Light dark sector via thermal decays of Dark Matter: the case of a 17 MeV particle coupled to electrons

Abstract

Recent experimental observations, most notably those reported by the ATOMKI and Positron Annihilation into Dark Matter Experiment (PADME) collaborations, have hinted anomalies that may indicate the presence of a new resonance with a mass around $17\,\text{MeV}$, potentially interacting with both nucleons and electrons. Since 2020, ATOMKI has observed this resonance in nuclear transitions from excited to ground states in ${}^{8}\mathrm{Be}$, ${}^{4}\mathrm{He}$, and ${}^{12}\mathrm{C}$. More recently, in 2025, PADME, operating at the Laboratori Nazionali di Frascati, has also hinted a similar excess, in this case in the $e^{+}e^{-}$ final-state events originating from positron annihilation on fixed-target atomic electrons of Carbonium.
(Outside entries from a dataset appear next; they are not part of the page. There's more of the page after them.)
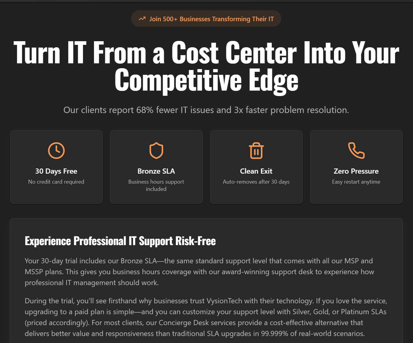 "With the Windows 10 sunset approaching and cyber threats increasing across every sector, organizations need immediate help — not delayed planning," said Andrew Streetman, President & CEO of VysionTech. "This trial lets them experience enterprise-level managed services with zero risk."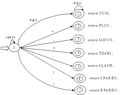 一般有两种方法来进行词法分析,一种是用状态图来实现,一种是用状态转换表。下面采用状态图实现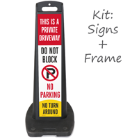 Posting a clearly visible "Do Not Block Driveway" sign is the most effective first step, and our do not block driveway LotBoss portable sign kit is a great option for properties that need a freestanding, highly visible barrier sign that can be repositioned as needed without any drilling or tools.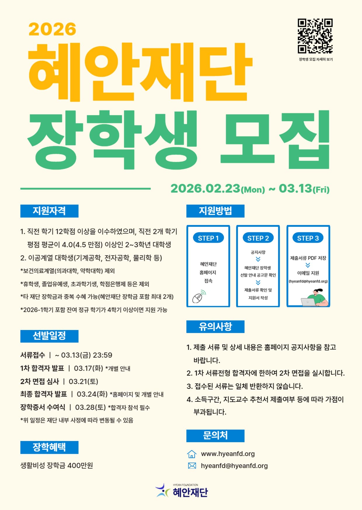 학업에 대한 열정과 가능성을 가진 대학생들을 지원하기 위해 2026년 제1기 혜안재단 장학생을 모집합니다.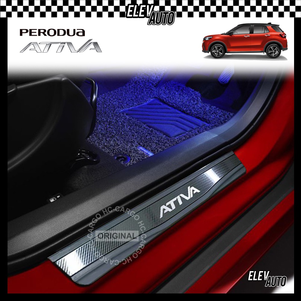 Perodua Ativa CARBON Series Stainless Steel Side Step Sill Step Sill Plate Door Step Scuff Perodua Ativa Accessories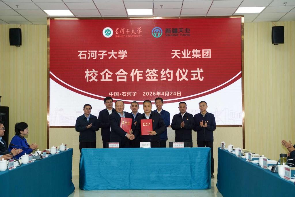 4月24日,天业集团与石河子大学校企合作第四轮战略合作框架协议签约仪式在石河子大学学术交流中心举行。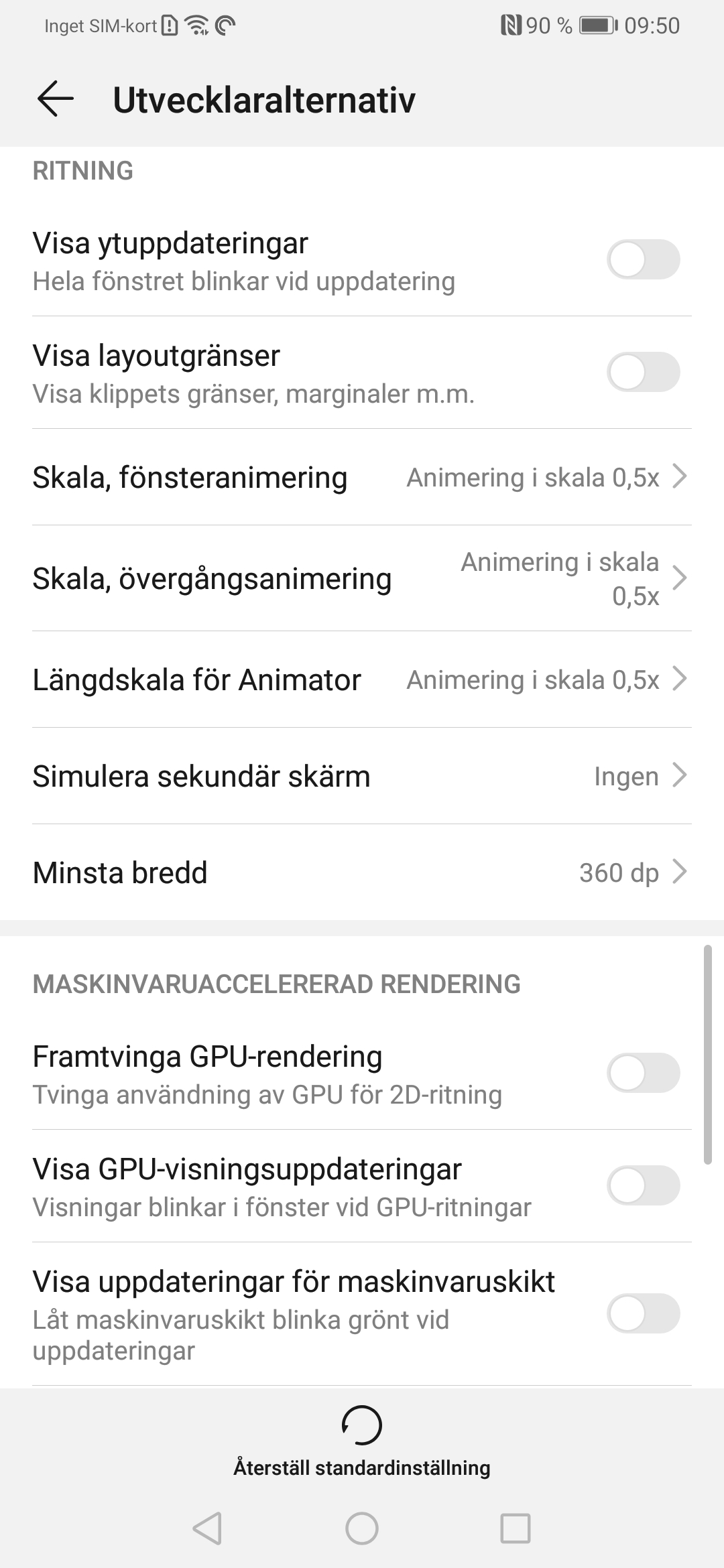 Navigerar först till Inställningar —> System —> Om telefonen. Klicka därefter på ”Version” upprepade gånger. Efter ett flertal klick kommer telefonen be dig ange ditt låsskärmslösenord. Skriv in det och du bör se ett meddelande som säger ”Nu är du en utvecklare!”. Navigera nu ett steg tillbaka och klicka på Utvecklaralternativ. Bläddra därefter ner på sidan tills du kommer till kategorin ”Ritning”. Här ska du ändra alla inställningar som har alternativen ”Animering i skala” till 0,5x.

This concordance strengthens the case for a common underlying origin, potentially involving a new boson, conventionally referred to as $X_{17}$. Despite these intriguing developments, the global experimental landscape remains highly dynamic, particularly in light of recent MEG~II constraints, and a definitive confirmation or exclusion of the $X_{17}$ hypothesis is still lacking. Within this evolving and exciting context, this thesis investigates whether a hypothetical $17\,\text{MeV}$ particle, coupled to electrons as suggested by the PADME observations, could function as a mediator between the Standard Model and previously unexplored hidden sectors. Such a mediator could, in principle, offer a novel pathway toward addressing one of the principal outstanding inconsistencies of the Standard Model: the nature and origin of dark matter.

Figures (17)

• Figure 1: Rotation curves of spiral galaxies taken from Cirelli:2024ssz. On the left, the original rotation curve of Andromeda by Rubin and Ford (1970). On the right, a recent rotation curve for the Milky Way adapted from refId0. Both are plotted in function of the distance with respect to the center of the galaxy
• Figure 2: Possible mass range for DM candidates. In this work, we focus specifically on the MeV region.
• Figure 3: Schematic representation of the three main experimental strategies to probe particle DM: indirect detection, direct detection, and collider searches. They correspond respectively to SM final states from DM, DM–SM scattering, and DM production from SM collisions.The symbol $\chi$ denotes the dark–matter particle. Image taken from https://doi.org/10.1002/andp.201500114.
• Figure 4: Temperature evolution of the effective numbers of degrees of freedom. Image taken from Ref. Cirelli:2024ssz.
• Figure 5: Evolution of the DM abundance $Y$ in a freeze-out scenario. (i) For $z \ll 1$ ($T \gg m_\chi$) the abundance tracks its equilibrium value and remains approximately constant. (ii) Around $z \sim 1$ the DM becomes non–relativistic, annihilations become inefficient, and the abundance rapidly departs from equilibrium. (iii) For $z \gg 1$ annihilations freeze out and the abundance settles to its final asymptotic value, determining the relic density. Figure adapted from Ref. Cirelli:2024ssz.